- **REQUIRED ACTION**
Look below for the line that has "Kyle mowing with an electric mower"; output exactly from it through the line that has "Hannover./Pieperhöfen. Familie Hacke", and leave the pictures out.

- **TASK INPUTS**

=======

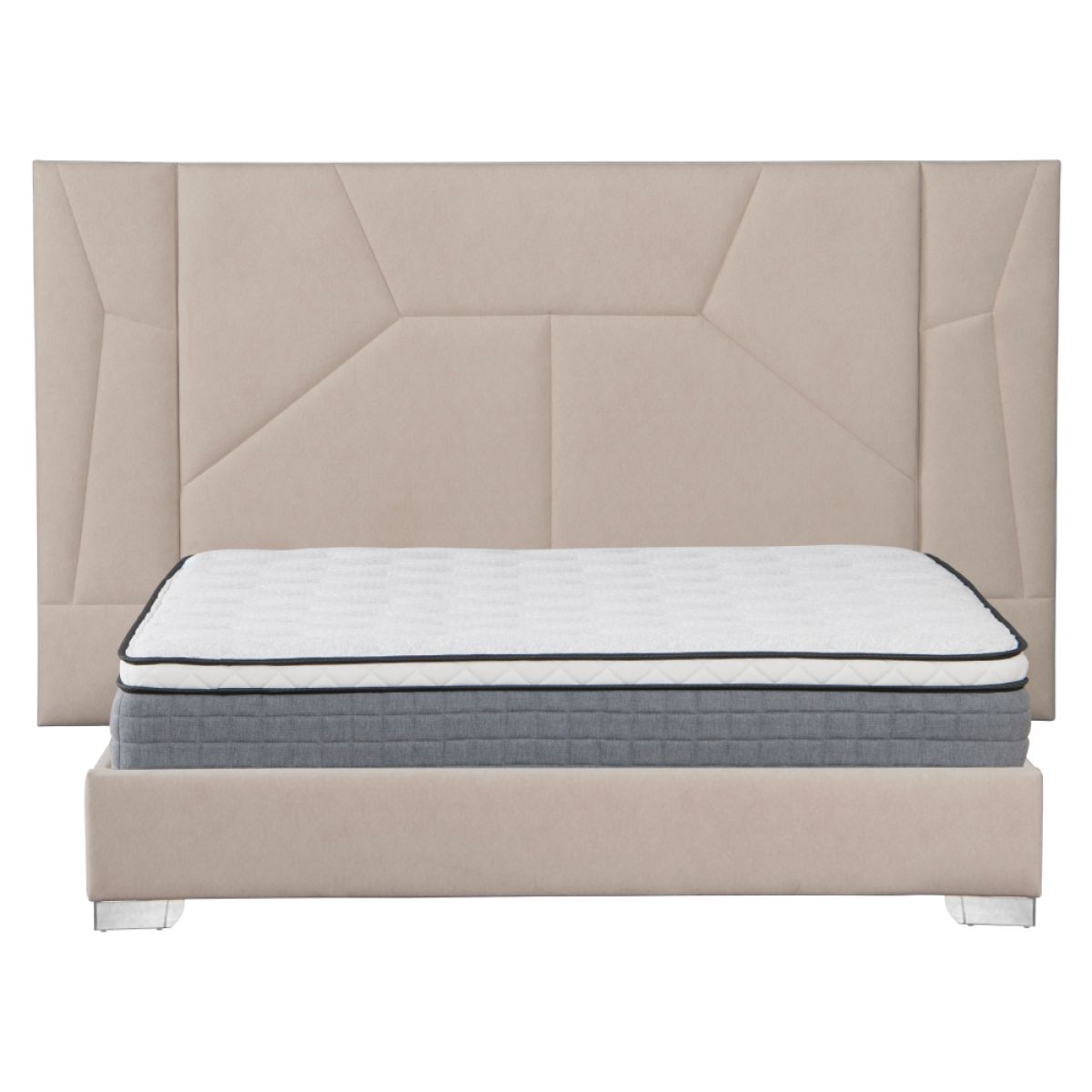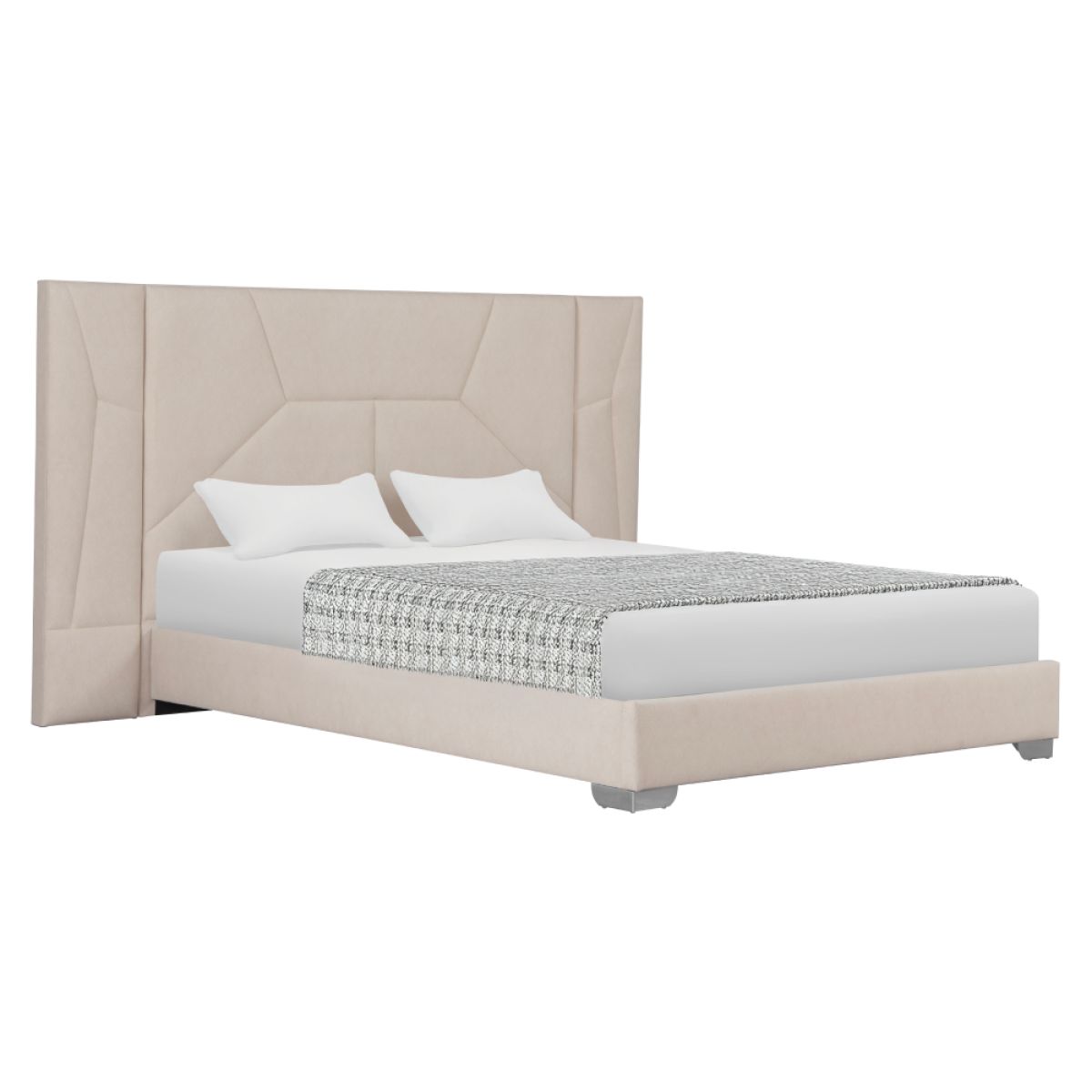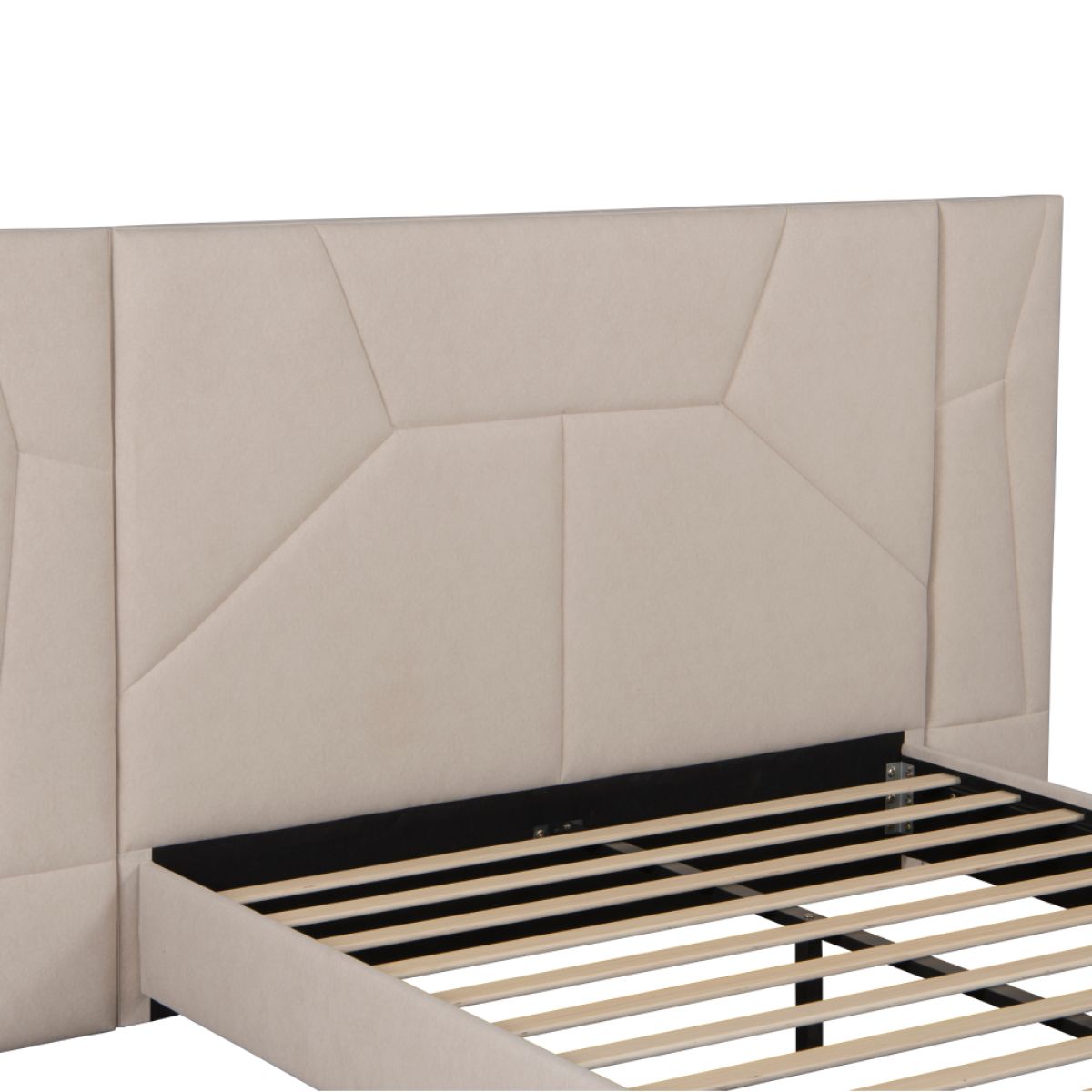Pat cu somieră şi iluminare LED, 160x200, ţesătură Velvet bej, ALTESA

=======

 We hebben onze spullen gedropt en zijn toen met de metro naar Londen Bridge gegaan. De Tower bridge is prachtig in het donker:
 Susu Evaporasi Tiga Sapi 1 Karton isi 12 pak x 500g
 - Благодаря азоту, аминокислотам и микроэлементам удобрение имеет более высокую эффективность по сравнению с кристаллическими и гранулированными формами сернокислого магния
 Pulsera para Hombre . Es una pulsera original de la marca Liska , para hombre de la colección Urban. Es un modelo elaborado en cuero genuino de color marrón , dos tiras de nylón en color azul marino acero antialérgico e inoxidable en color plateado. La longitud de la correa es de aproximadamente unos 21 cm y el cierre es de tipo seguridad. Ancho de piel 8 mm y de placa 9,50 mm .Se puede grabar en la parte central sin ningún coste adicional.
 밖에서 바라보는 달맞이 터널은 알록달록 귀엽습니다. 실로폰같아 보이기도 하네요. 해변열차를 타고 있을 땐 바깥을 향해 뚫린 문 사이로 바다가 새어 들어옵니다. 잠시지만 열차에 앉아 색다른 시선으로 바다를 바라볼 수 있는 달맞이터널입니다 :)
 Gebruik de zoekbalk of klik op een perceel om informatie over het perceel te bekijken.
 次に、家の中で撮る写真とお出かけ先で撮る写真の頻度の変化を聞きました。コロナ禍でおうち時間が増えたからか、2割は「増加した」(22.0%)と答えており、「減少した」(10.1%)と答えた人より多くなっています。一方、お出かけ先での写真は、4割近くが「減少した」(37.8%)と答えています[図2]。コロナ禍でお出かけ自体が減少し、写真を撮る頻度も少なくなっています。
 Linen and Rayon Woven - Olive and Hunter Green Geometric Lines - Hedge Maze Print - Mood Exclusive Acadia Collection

=======

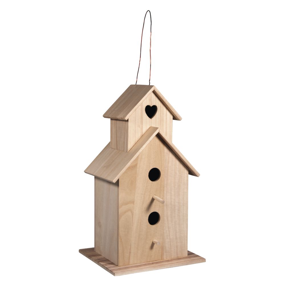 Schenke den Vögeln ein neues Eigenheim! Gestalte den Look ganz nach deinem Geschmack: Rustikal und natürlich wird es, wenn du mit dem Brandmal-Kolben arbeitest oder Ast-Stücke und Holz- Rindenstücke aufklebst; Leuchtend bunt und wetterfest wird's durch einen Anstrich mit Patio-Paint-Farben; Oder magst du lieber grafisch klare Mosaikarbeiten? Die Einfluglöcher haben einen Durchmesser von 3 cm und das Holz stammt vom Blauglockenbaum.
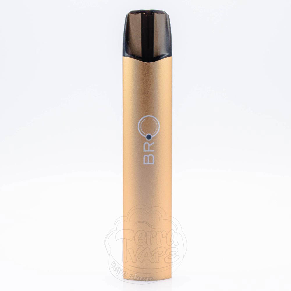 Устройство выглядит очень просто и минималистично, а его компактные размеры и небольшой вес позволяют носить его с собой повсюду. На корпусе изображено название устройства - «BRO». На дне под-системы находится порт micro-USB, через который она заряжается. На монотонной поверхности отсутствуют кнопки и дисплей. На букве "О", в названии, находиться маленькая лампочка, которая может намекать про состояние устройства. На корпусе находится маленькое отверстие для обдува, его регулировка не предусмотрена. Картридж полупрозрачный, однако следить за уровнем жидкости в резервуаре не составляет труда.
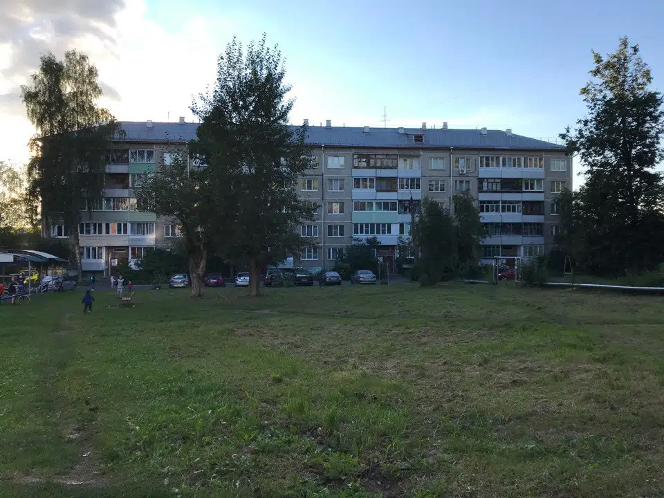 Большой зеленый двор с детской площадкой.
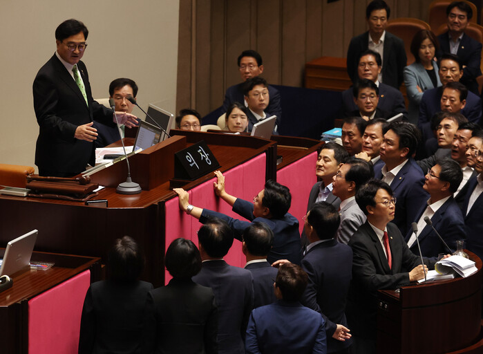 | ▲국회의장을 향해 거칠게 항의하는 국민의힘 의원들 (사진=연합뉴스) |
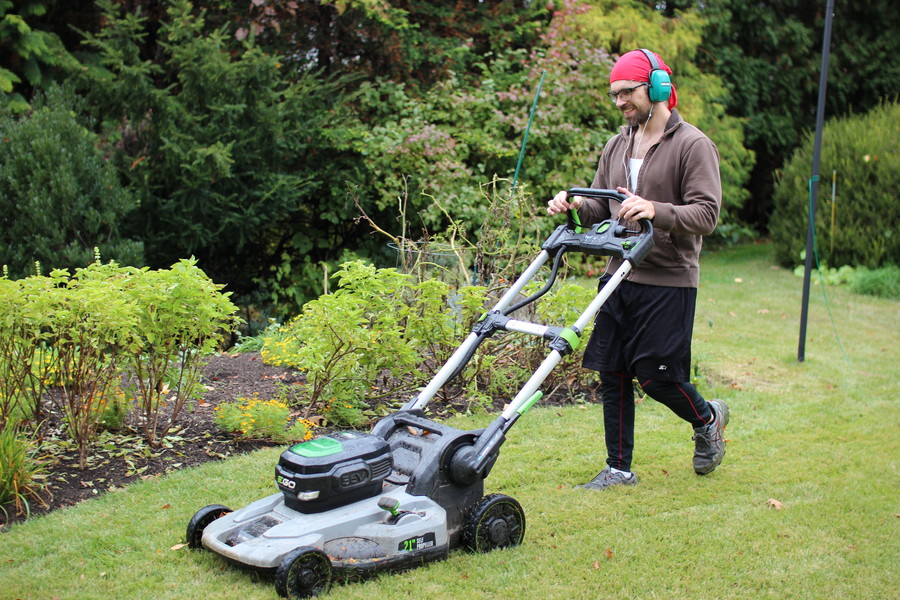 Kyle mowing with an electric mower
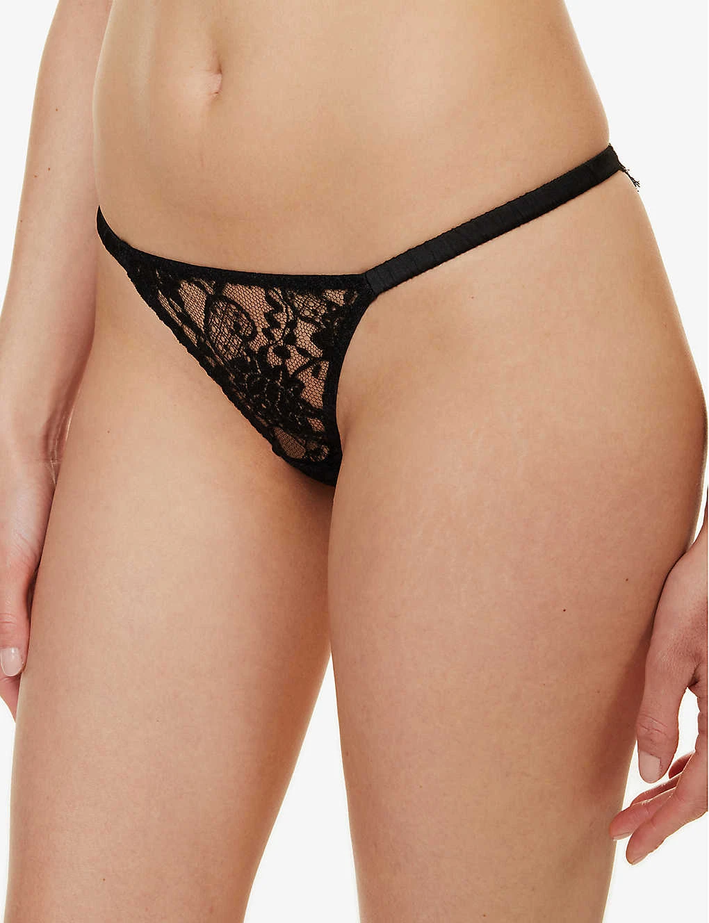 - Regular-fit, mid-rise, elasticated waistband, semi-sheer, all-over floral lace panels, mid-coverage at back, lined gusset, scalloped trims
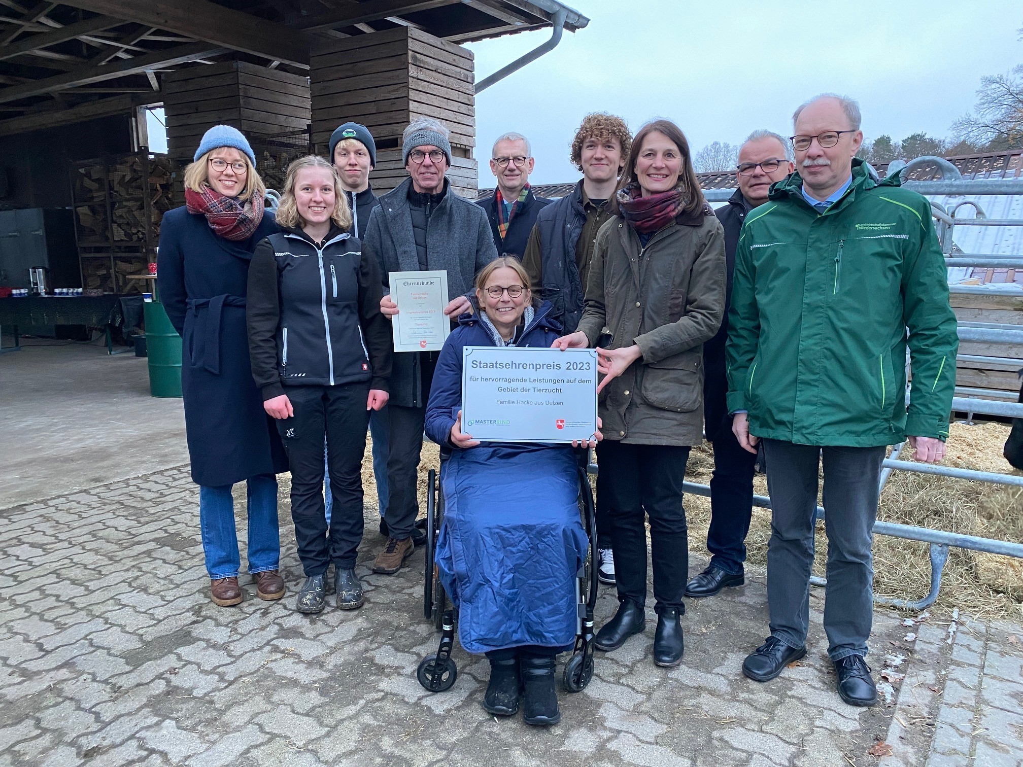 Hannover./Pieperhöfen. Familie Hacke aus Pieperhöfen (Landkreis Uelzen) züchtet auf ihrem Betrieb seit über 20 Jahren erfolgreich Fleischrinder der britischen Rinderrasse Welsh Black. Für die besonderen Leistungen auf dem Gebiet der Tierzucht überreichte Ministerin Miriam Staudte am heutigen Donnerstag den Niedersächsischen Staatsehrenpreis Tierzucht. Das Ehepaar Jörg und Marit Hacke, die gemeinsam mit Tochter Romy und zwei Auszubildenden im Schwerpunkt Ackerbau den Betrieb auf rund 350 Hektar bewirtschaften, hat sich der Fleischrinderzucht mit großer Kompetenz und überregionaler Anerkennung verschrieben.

=======

- **FINISHED TASK**
 Kyle mowing with an electric mower
 - Regular-fit, mid-rise, elasticated waistband, semi-sheer, all-over floral lace panels, mid-coverage at back, lined gusset, scalloped trims
 Hannover./Pieperhöfen. Familie Hacke aus Pieperhöfen (Landkreis Uelzen) züchtet auf ihrem Betrieb seit über 20 Jahren erfolgreich Fleischrinder der britischen Rinderrasse Welsh Black. Für die besonderen Leistungen auf dem Gebiet der Tierzucht überreichte Ministerin Miriam Staudte am heutigen Donnerstag den Niedersächsischen Staatsehrenpreis Tierzucht. Das Ehepaar Jörg und Marit Hacke, die gemeinsam mit Tochter Romy und zwei Auszubildenden im Schwerpunkt Ackerbau den Betrieb auf rund 350 Hektar bewirtschaften, hat sich der Fleischrinderzucht mit großer Kompetenz und überregionaler Anerkennung verschrieben.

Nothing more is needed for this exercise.